Prime Minister Shinzo Abe’s Cabinet on Friday marked the 500th day since its inception in December 2012, extending its record as the longest-serving lineup in the postwar era.

The previous record was set by a Cabinet led by Prime Minister Eisaku Sato more than four decades ago, which went 425 days without replacing any of its members.

Over the years, numerous prime ministers have been forced to sack ministers caught up in one scandal or another. Others reshuffled their Cabinets to maintain power within their party, distributing portfolios to appease lawmakers desperate for some cache to help their re-election chances.

Abe has not found it necessary to do so yet because his Cabinet has maintained high approval ratings.
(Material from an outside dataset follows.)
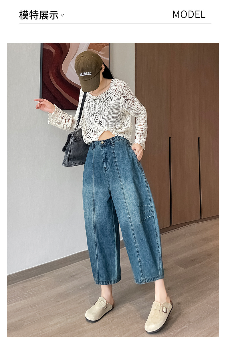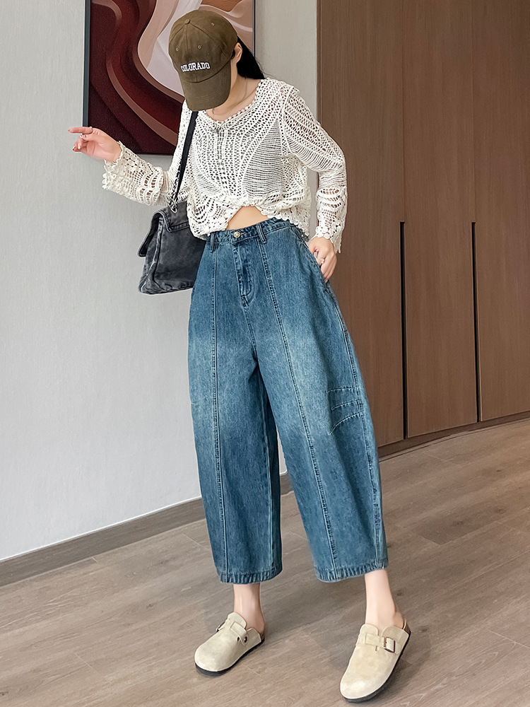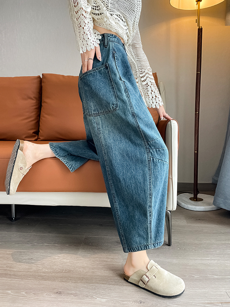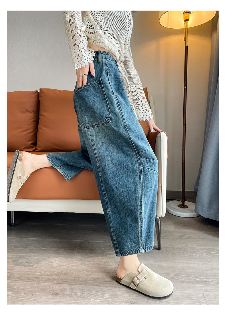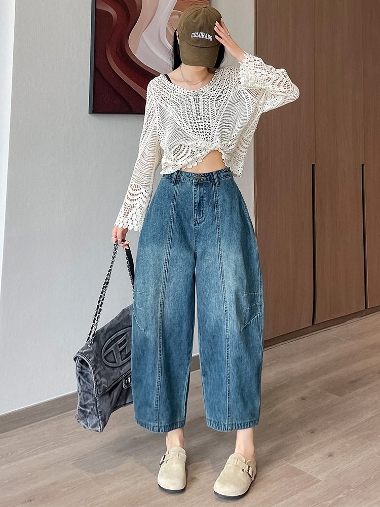 2024 블루 디자인 워시 빈티지 풍선 넓은 다리 자른 청바지 여성의 여름 새로운 높은 허리 당근 바지

According to an NHK poll in April, the Cabinet’s support rate stood at 52 percent, almost unchanged since December.

The record, however, may not stand for much longer because aides have repeatedly suggested Abe might reshuffle the Cabinet as early as this summer.

Some Cabinet members and close aides to Abe have made verbal gaffes, but Chief Cabinet Secretary Yoshihide Suga has rushed to control the damage by getting them to immediately retract the remarks.
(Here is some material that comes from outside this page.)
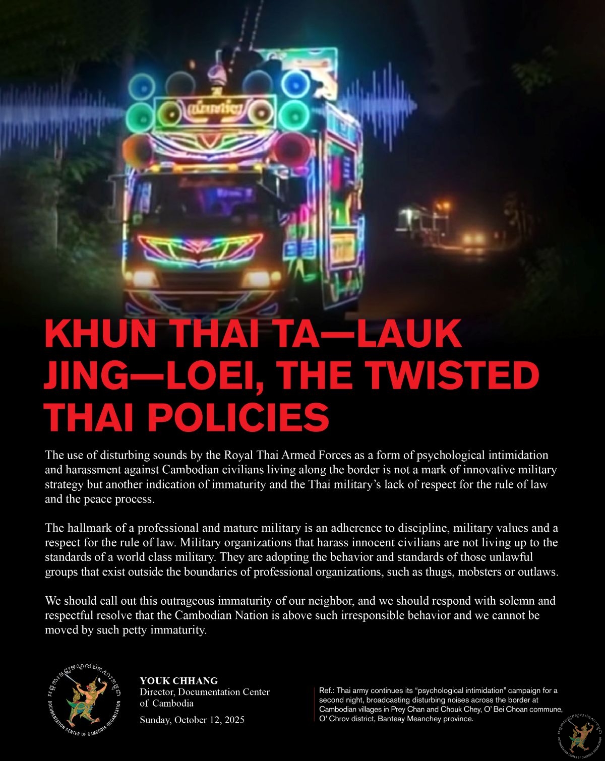 The use of disturbing sounds by the Royal Thai Armed Forces as a form of psychological intimidation and harassment against Cambodian civilians living along the border is not a mark of innovative military strategy but another indication of immaturity and the Thai military’s lack of respect for the rule of law and the peace process.

High-ranking officials said they learned a lesson from Abe’s first prime ministership from 2006 to 2007 and have read Cabinet members the riot act to stay clear of verbal gaffes, let alone full-blown scandals.
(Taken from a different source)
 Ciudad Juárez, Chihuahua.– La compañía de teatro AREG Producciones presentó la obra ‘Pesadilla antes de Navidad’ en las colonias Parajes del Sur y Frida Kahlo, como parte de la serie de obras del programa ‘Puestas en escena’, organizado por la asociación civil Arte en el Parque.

During Abe’s first term, many Cabinet members got embroiled in political scandals or made embarrassing comments, harming Abe’s approval ratings and straining his relationship with the media.

High-ranking officials, speaking on condition of anonymity, have said Cabinet ministers are not allowed to express their private views on sensitive historical issues. Only Abe and Suga have the express authority to comment on such topics in public.

For example, in defending the Cabinet members’ controversial visits to war-linked Yasukuni Shrine, all of the ministers repeated the official line — that they are only praying for the people who gave their life for their country, a common practice in other nations — and avoided expressing their own opinions.